PARIS, May 30 (Reuters) – Japan’s SoftBank Group will invest €45 billion over the next five years in a push to build up artificial intelligence infrastructure in France, the company announced on Saturday.
SoftBank said the investment, described as the biggest of its kind so far in Europe, would be made in the northern Hauts-de-France region and deliver 3.1 GW of capacity.
The investment plans are due to be formally announced on Monday at the annual Choose France business conference.
French engineering company Schneider Electric said it would be one of the project’s key partners and equip the sites with its modules without disclosing financials.
Three sites, including one in Dunkirk, are expected to come into operation by 2031.
Additional sites spread across France are planned further down the road, SoftBank said, pushing the overall planned investment sum to €75 billion.
“The fact that the country is a producer and exporter of energy is absolutely decisive for investments in AI infrastructure,” SoftBank founder Masayoshi Son told the paper La Tribune du Dimanche.

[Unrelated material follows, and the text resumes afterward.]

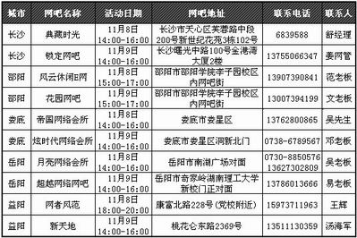 比赛的精彩,只有在现场才能有更加深刻的体会,您是否也迫切的希望在赛场上一展身手呢?那就快来参加CF百城大联赛吧!以下是本周末湖南区赛事及网吧名单,期待您的参与!

State-owned nuclear energy giant EDF is also part of the deal, handing one of its former power plants over to SoftBank to transform the site into a data centre.
The French commitment adds to a global AI infrastructure spending spree by SoftBank. Its investments in AI also include over $30 billion invested in OpenAI so far, for about an 11% stake.
France has been using the Choose France summit to court foreign investors since it was launched by President Emmanuel Macron in 2018.